In Listing 5 we've instantiated a
SimplePojo class, setting its
favBeatle member and then rendering a response with the
simplePojo instance, which is exposed to the view template. (Note that
favBeatle is a public member. I'm sure some purists would frown on that design decision, but it does help us avoid getter/setter resolution kruft.)
This is fairly similar to old fashioned JavaServer Pages and Expression Language template variable resolution.
simplePojo is just a value object used to ferry objects to the view. Since we are in dev mode, we can just reload the browser page and view our musical choice.
Notes about Ninja
You've had a quick look at Ninja, and we'll go much more in-depth with this framework in the next article in this series. For now, just note that Ninja is a stateless architecture. All session information is intended to be stored client-side, and the framework has support for that. This in principle means that scaling is as simple as adding more Ninja nodes to your cluster, without concern for sticky sessions.
For this quick demo, we kind of backed into Ninja's request processing architecture, which consists of routes, views, and controllers. We started at the view and moved into routing and controllers. This pattern is repeated in the other frameworks. As I mentioned earlier, I call these types of frameworks RVC frameworks -- the routes, views, and controllers architecture being their core commonality.
Spark 2: Extremely lightweight RVC for Java 8 and up
Now let's turn our attention to Spark. Not to be confused with Apache's big data processing engine, this Spark is the most lightweight of our three RVC frameworks. It draws inspiration from the Ruby framework, Sinatra.
We'll use Spark 2, the latest version as of this writing, for our demo. Spark 2 doesn't support any Java versions below Java 8, so be sure to install the most recent Java update if you want to follow along. It might seem extreme to drop support for Java 7 but it does keep the project very tight. Moreover, Java 8 is a real winner, and it's great to see how Spark integrates some of its standout features. We'll explore Spark's support for lambda expressions when the time comes.
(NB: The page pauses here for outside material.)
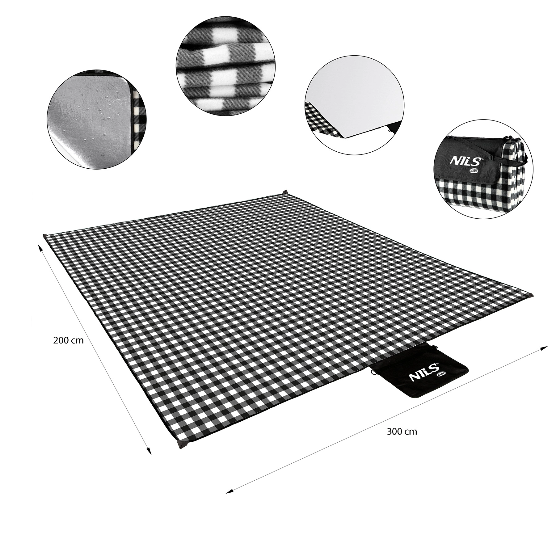 Užijte si komfort na každém výletu. Tato prostorná pikniková deka NILS CAMP poskytne pohodlí celé rodině – měkký fleece je příjemný na dotek a velkorysý rozměr 200 × 300 cm zajistí dostatek místa pro sezení i servírování. Elegantní černo‑bílý vzor se hodí do parku, na pláž i do kempu.

For now, just as we did with Ninja, start by creating a new Maven project, as shown in Listing 6. In this case, there is no Spark specific archetype, so we'll just use a generic Maven archetype.
Listing 6. Creating a new Spark project
mvn archetype:generate -DgroupId=com.mycompany.app -DartifactId=my-app -DarchetypeArtifactId=maven-archetype-quickstart -DinteractiveMode=false
cd into our freshly minted project
dir and add Listing 7 to your
pom.xml using a text editor.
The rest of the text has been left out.